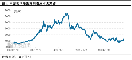 据加拿大农业部数据显示,2023/24年度加拿大油菜籽出口量在668.3万吨,其中出口到中国的数量为438.81万吨,占比为65.66%。随着中国油厂对加拿大油菜籽采购量下降,加拿大国内油菜籽消化速度放缓,价格将有所下调,导致国内进口油菜籽到港成本减少。
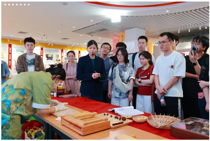 在企业代表带领下,师生们参观了企业文化展厅、智能化生产车间、综合制造部及党建长廊,现场体验了“中一安工牛黄丸制作技艺”非物质文化遗产项目。通过深入了解白云山中一药业360多年的发展历程、核心产品(如消渴丸、安宫牛黄丸等)及现代化制药工艺,师生们深切感受到老字号企业在高质量发展中焕发的新活力。
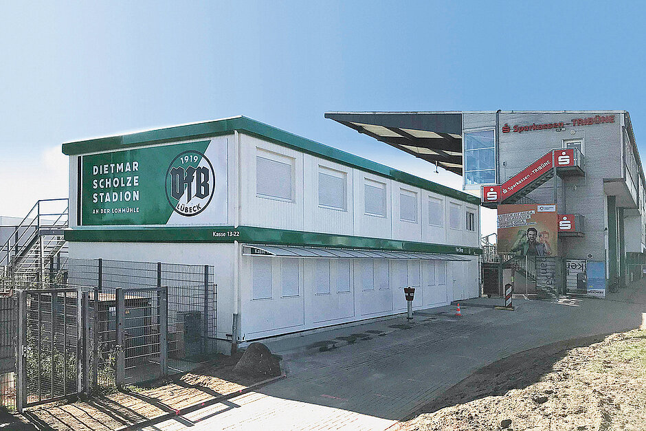 Die Projekte, die HKL begleitet, sind vielfältig: In Lübeck entstand eine zweigeschossige Kita aus 65 Containern mit einer Länge von 35 m und einer Breite von 15 m. In Berlin-Friedrichshain erhielt die LAT Fernmelde-Montagen und Tiefbau eine gänzlich aus Containern bestehende Firmenzentrale mit individueller Ausstattung (das bauMAGAZIN berichtete in Heft 3/22, Seite 110). Der VfB Lübeck erhielt eine 14er-Container-Anlage – inklusive Kassenplätzen, Fanshop, DRK-Rettungsstelle sowie großem Pressebereich. Zusätzlich lieferte HKL WC-Container und separate Kassen-Container.
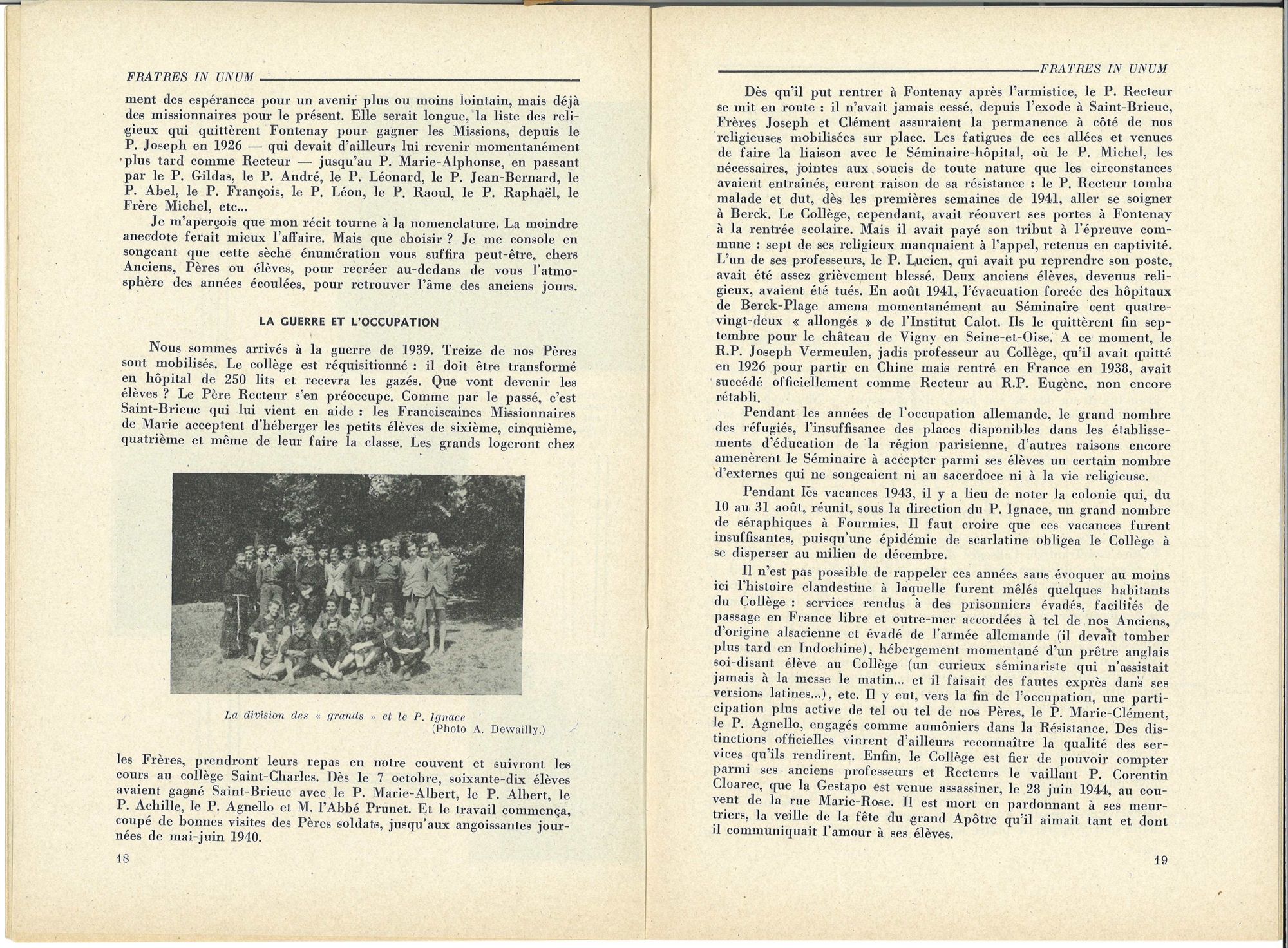 Cette Résistance franciscaine est résumée dans le Bulletin du Petit Séminaire Franciscain de Fontenay-sous-Bois d'août 1945, Fratres In Unum et dans celui de novembre 1948 pour les 25 ans de présence Franciscaine à Fontenay.
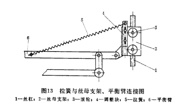 在保證拉簧質(zhì)量的情況下,為使平衡吊在空載時(shí)得到更好的平衡效果,應(yīng)在絲母支架的上端裝一個(gè)可上下調(diào)整的調(diào)整塊,以調(diào)節(jié)彈簧的拉力。
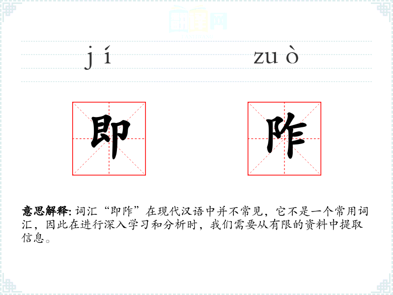 词汇“即阼”在现代汉语中并不常见,它不是一个常用词汇,因此在进行深入学*和分析时,我们需要从有限的资料中提取信息。
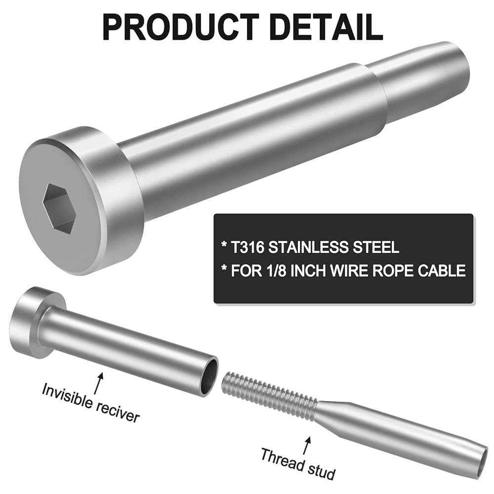 【PACKAGE LIST】20 Pack T316 Stainless Steel Invisible Receiver and Swage Stud End. If you're not satisfied with this item at any time within one month of purchase, we'll provide a refund or replacement.
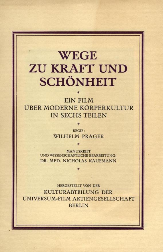 Dr. Nicholas Kaufmann, der in der Kulturfilmabteilung arbeitete, hatte die Idee von einem Kulturfilm, der die Schönheit des menschlichen Körpers verherrlicht und der nackte Männer und Frauen in Szenen aus dem klassischen Altertum zeigt. Szenen aus dem damals modernen Nacktbad, Szenen aus dem Training von Sportlehrern und Leichtathleten und so weiter.
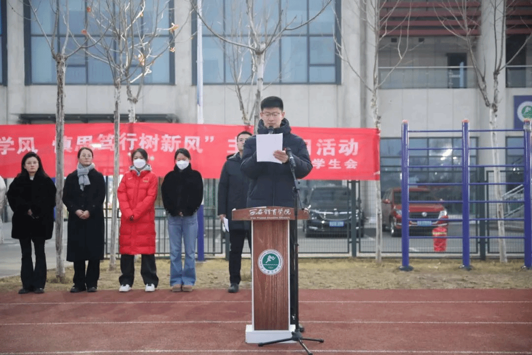 学工部副部长于昕、郭维刚宣读了《砥砺深耕,强化学风建设倡议书》,其中对砥砺深耕、强化学风建设,慎思笃行、树立新风正气,团结协作、共创辉煌三个方面进行了倡议号召,希望同学们在新学期、新起点上,珍惜在校园内的短暂时光,时刻铭记“严谨、创新、团结、拼搏”的校训精神,树立明确目标,勤奋学习、珍惜时光,勇于探索、积极创新,为营造优良学风、创建文明校园而努力奋斗。
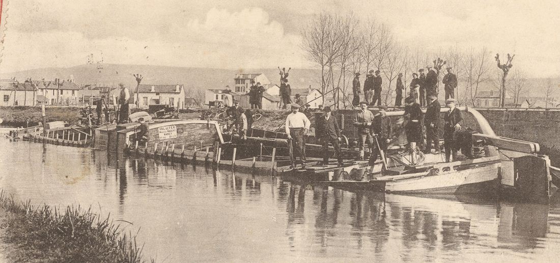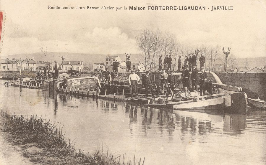 La localisation de la prise de photo n'est pas très claire, malheureusement. La légende indique Jarville, mais ça doit être parce que la maison Forterre-Ligaudan est de Jarville. Intéressons-nous à ce qu'on peut lire au dos de la carte, pour en savoir plus. Elle a été écrite (par un marinier) à Ménaucourt, dans la Meuse, vallée de 70 (canal de la Marne au Rhin). Elle est adressée à un habitant de Thonnance-les-Joinville, en Haute-Marne, à côté du canal de la Marne à la Saône... La correspondance n'évoque pas le renflouement d'un bateau. Auguste Hermann, qui l'a écrite, indique qu'il est arrivé à Ménaucourt la veille du dix décembre 1913, et qu'il va charger pour Nancy.
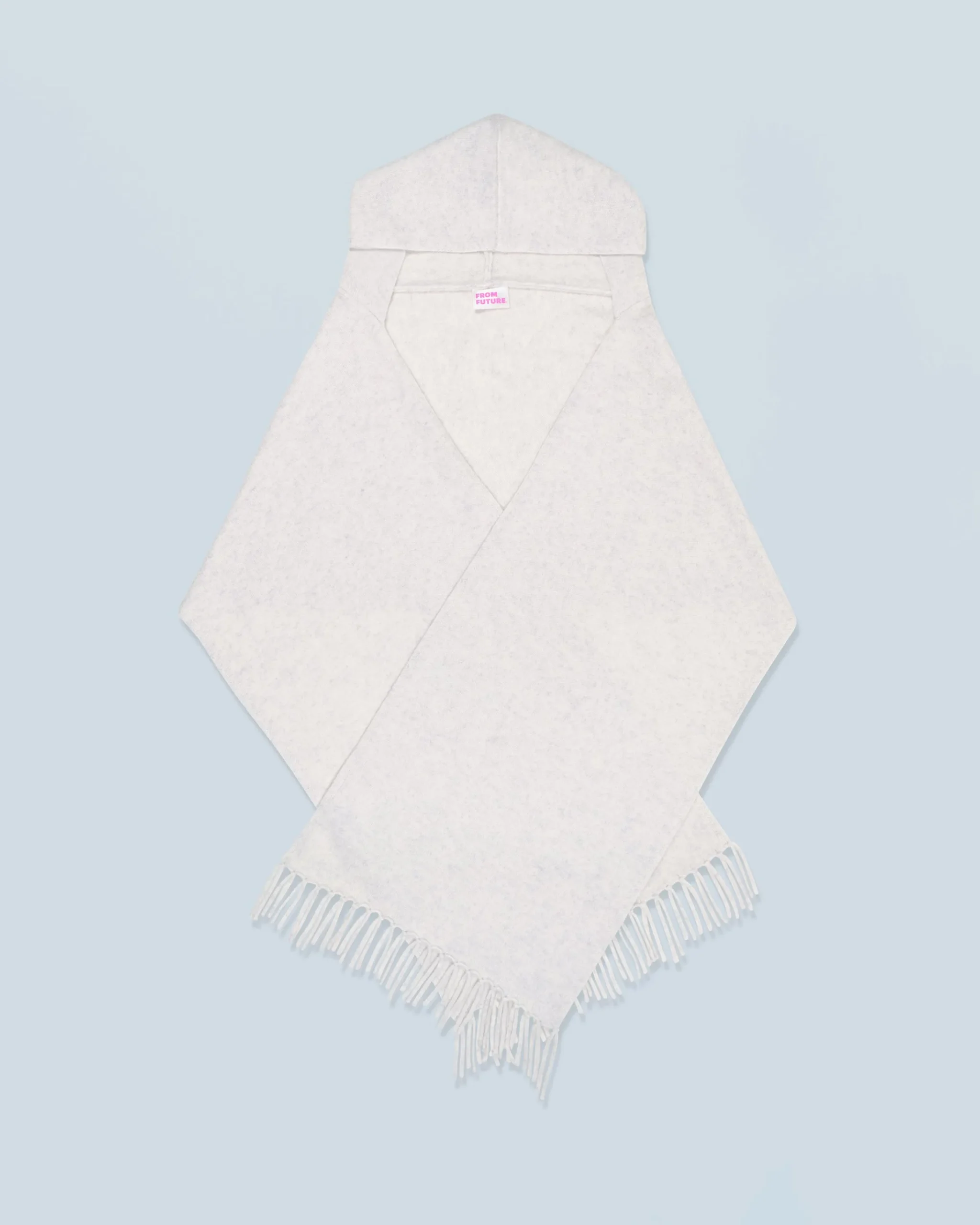 La sciarpa essenziale viene reinventata questa stagione con un tocco di audacia. Realizzato in cashmere, è dotato di cappuccio e bordi sfrangiati per riscaldarti con stile.
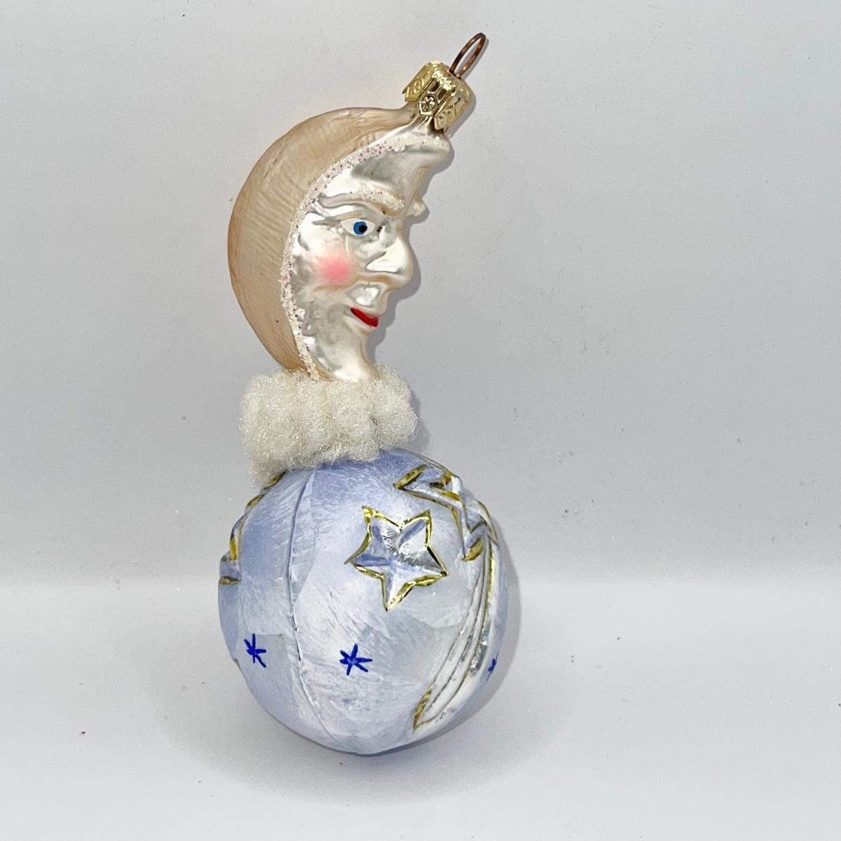 1410 Christopher Radko 1994 Shooting the Moon Blue Glass Ornament

○ ○ ○ ○ ○

- [REQUIRED WORK] Respond with the exact lines above running from the one containing "Cette Résistance franciscaine" to the one containing "学工部副部长于昕、郭维刚宣读", both ends kept and no pictures included.

- [SOLUTION]
 Cette Résistance franciscaine est résumée dans le Bulletin du Petit Séminaire Franciscain de Fontenay-sous-Bois d'août 1945, Fratres In Unum et dans celui de novembre 1948 pour les 25 ans de présence Franciscaine à Fontenay.
 在保證拉簧質(zhì)量的情況下,為使平衡吊在空載時(shí)得到更好的平衡效果,應(yīng)在絲母支架的上端裝一個(gè)可上下調(diào)整的調(diào)整塊,以調(diào)節(jié)彈簧的拉力。
 词汇“即阼”在现代汉语中并不常见,它不是一个常用词汇,因此在进行深入学*和分析时,我们需要从有限的资料中提取信息。
 【PACKAGE LIST】20 Pack T316 Stainless Steel Invisible Receiver and Swage Stud End. If you're not satisfied with this item at any time within one month of purchase, we'll provide a refund or replacement.
 Dr. Nicholas Kaufmann, der in der Kulturfilmabteilung arbeitete, hatte die Idee von einem Kulturfilm, der die Schönheit des menschlichen Körpers verherrlicht und der nackte Männer und Frauen in Szenen aus dem klassischen Altertum zeigt. Szenen aus dem damals modernen Nacktbad, Szenen aus dem Training von Sportlehrern und Leichtathleten und so weiter.
 学工部副部长于昕、郭维刚宣读了《砥砺深耕,强化学风建设倡议书》,其中对砥砺深耕、强化学风建设,慎思笃行、树立新风正气,团结协作、共创辉煌三个方面进行了倡议号召,希望同学们在新学期、新起点上,珍惜在校园内的短暂时光,时刻铭记“严谨、创新、团结、拼搏”的校训精神,树立明确目标,勤奋学习、珍惜时光,勇于探索、积极创新,为营造优良学风、创建文明校园而努力奋斗。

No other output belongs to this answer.